Hospitals Refuse to Readmit Sick Patients — They Die — The Next Headline

With the VA scandal still in the throws of discovery it is clear that the federal government incentivized the fraud that led to 100’s of veteran deaths.  Bonuses were paid to federal employees if it looked like the VA was doing its job and taking care of patients.  This lead to massive fraud.  No one actually verified that the patients were taken care of.  

In non-VA hospitals:

“The U.S. has begun levying fines against hospitals that have too many patients readmitted within a month, and rewarding hospitals that do well on a benchmark of clinical outcomes and patient surveys. ”  (http://www.bloomberg.com/news/2014-06-26/hospitals-soon-see-donuts-to-cigarette-charges-for-health.html)
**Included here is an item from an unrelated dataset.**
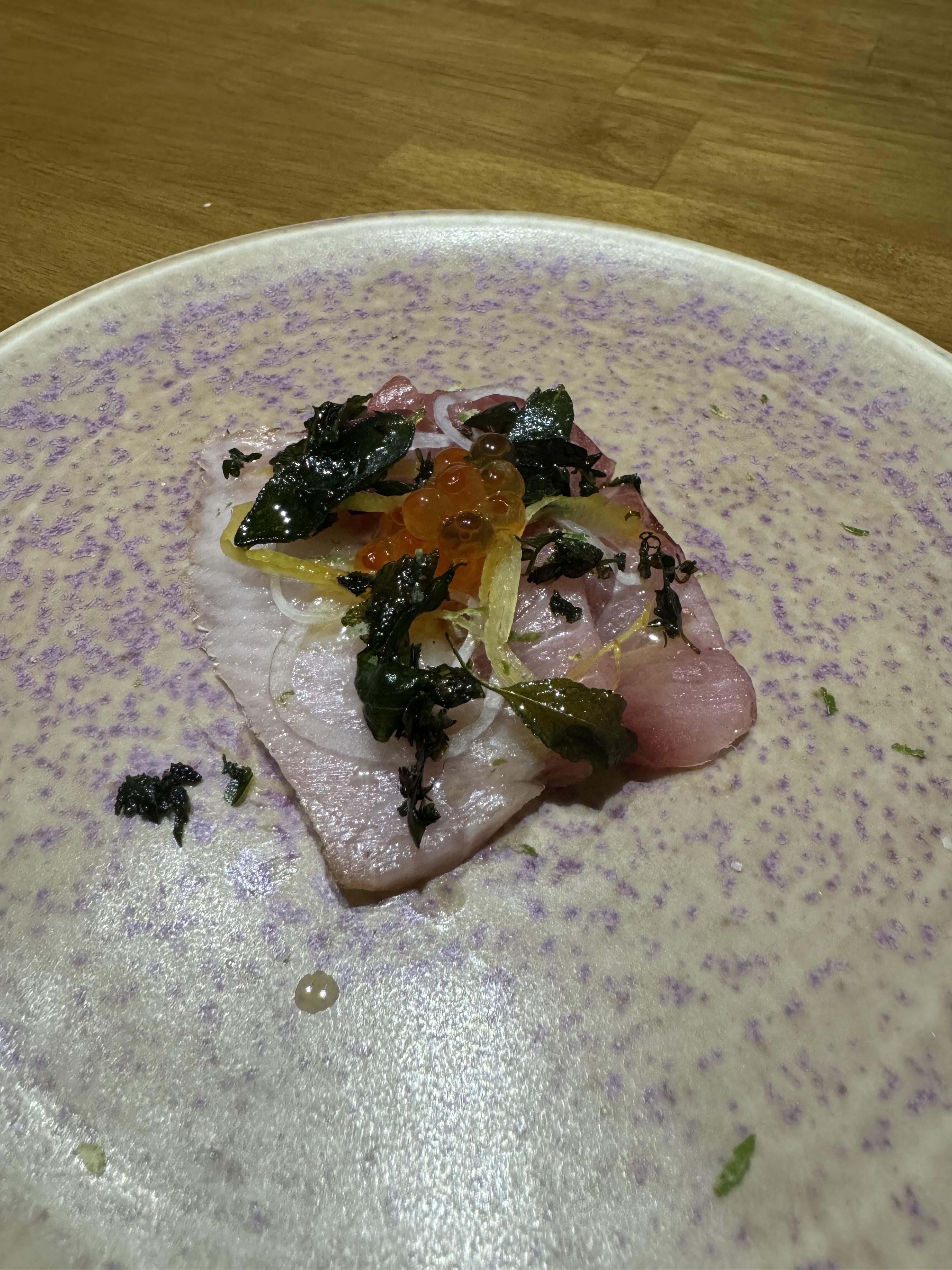 두 번째. 부라타와 토마토가 나올 차례였는데 제철 음식으로 변경되었다네요. 이 겨울, 온갖 애주가와 해산물 애호가를 울리는 그 이름! 방어! 마침 방어가 제철이라 신선한 원재료로 손질한 방어 카르파치오가 나올 예정이라는 점과, 혹시 날 것을 못먹는지 먼저 물어봐주셨다네요. 방어에 연어알, 청귤 슬라이스, 오일 등이 올라가 바다의 맛과 향이 듬뿍 나면서도 비리지는 않았대요. 상큼한 맛이 식전 애피타이저로 제격이었다는 후문. 입맛을 확실하게 돋궈줘서 다음 메뉴가 두근두근 기대되는 중.

In other words, regular hospitals are being paid if they can prevent patients from being re-admitted.  My guess, based on human nature, is that some patients have already died because hospitals have refused to admit them.  This is no different than the VA scandal where people are rewarded for not providing appropriate care.  
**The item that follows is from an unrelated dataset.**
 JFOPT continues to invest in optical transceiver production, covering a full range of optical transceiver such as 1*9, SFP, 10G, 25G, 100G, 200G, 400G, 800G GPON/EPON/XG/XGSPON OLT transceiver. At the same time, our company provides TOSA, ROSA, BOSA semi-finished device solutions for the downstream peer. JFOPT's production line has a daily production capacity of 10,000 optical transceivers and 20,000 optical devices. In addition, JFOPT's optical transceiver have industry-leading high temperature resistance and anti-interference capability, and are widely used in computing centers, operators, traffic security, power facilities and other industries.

Just think of it this way.  A recently released heart patient develops an arrhythmia.  It’s been 29 days since he was last discharged.  In order not to pay out extra in fines, the hospital tells the patient he needs to wait three days before he comes in.  He dies in the meantime.  How many times will this scenario be repeated. Once again government intervention results in untimely deaths.  Yet the hospital and its administrators have a better bottom line.  

It is time to get the government out of health care.  The government’s interest is not patient health but cost control and if patients die on the way, so be it.  The VA situation has proven this to be the case.  The stage is set for many, many more avoidable deaths.
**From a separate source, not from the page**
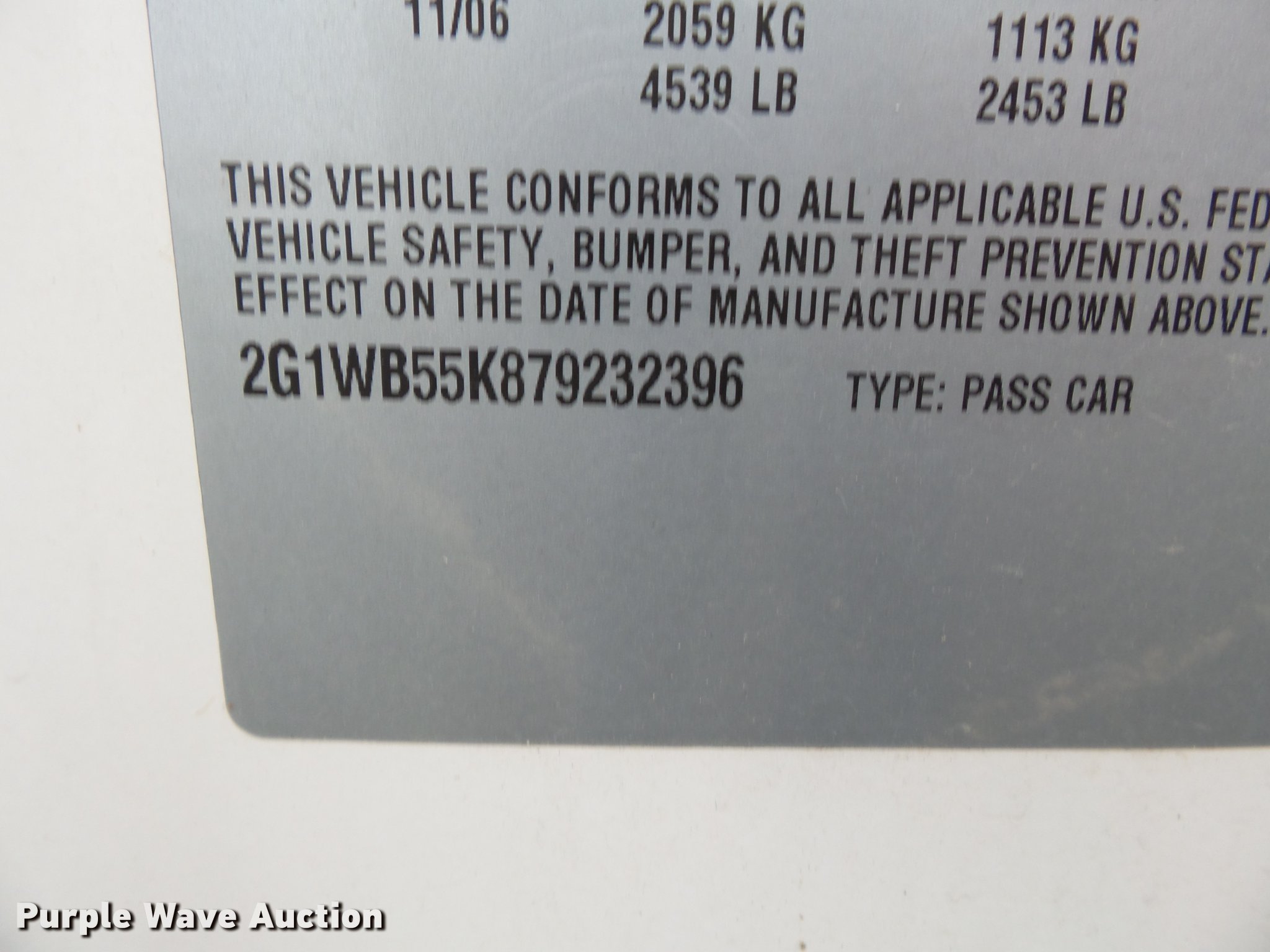 Purple Wave is selling a used Passenger Vehicle in Missouri. This item is a 2007 Chevrolet Impala with the following: 163,464 miles on odometer, 3.5L V6 OHV 16V FFV gas engine, Automatic transmission, AC and heat, Tilt, Cruise, AM/FM/CD, Power windows, locks, mirrors, and seat, Cloth interior, 225/60R16 tires, MODOT ID B6093

Our Veterans Deserve Better — Here is the Fix

There are lists of over 1000 veterans waiting for their first appointment at bunches of VA hospitals.  How that happens baffles me.  The fix is simple, Hire 10 doctors seeing 3 patients an hour for 8 hours a day.  (Any doctor in private practice will tell you that they often see 8 to 10 patients an hour, so 3 is peanuts.)  Each doctor would see 24 patients a day so that is 240 patients per day for the 10 doctors.  In a week they have seen 1200 patients and in two weeks the backlog is gone.  Keep the 10 doctors and support staff to take care of the follow up and in two months you have either treated and released, admitted, tested, or set up ongoing therapy for 2400 patients all who were initially seen and evaluated within two weeks.

In order to enroll, document and plan for the influx you will no doubt need to hire 5 nurses, and 5 front desk folks, schedule labs, hospital admissions, equipment purchases,  plan for in-house lab tests and outsourced lab tests, plan for reviews of those tests and arrange for treatment protocols with follow up.  Any competent medical office manager could do this blindfolded while having a stroke.

The fact that this was not done in all these facilities is a total mystery.  It’s simple resource allocation.  Competent people do it in every business and healthcare organization in the country every day.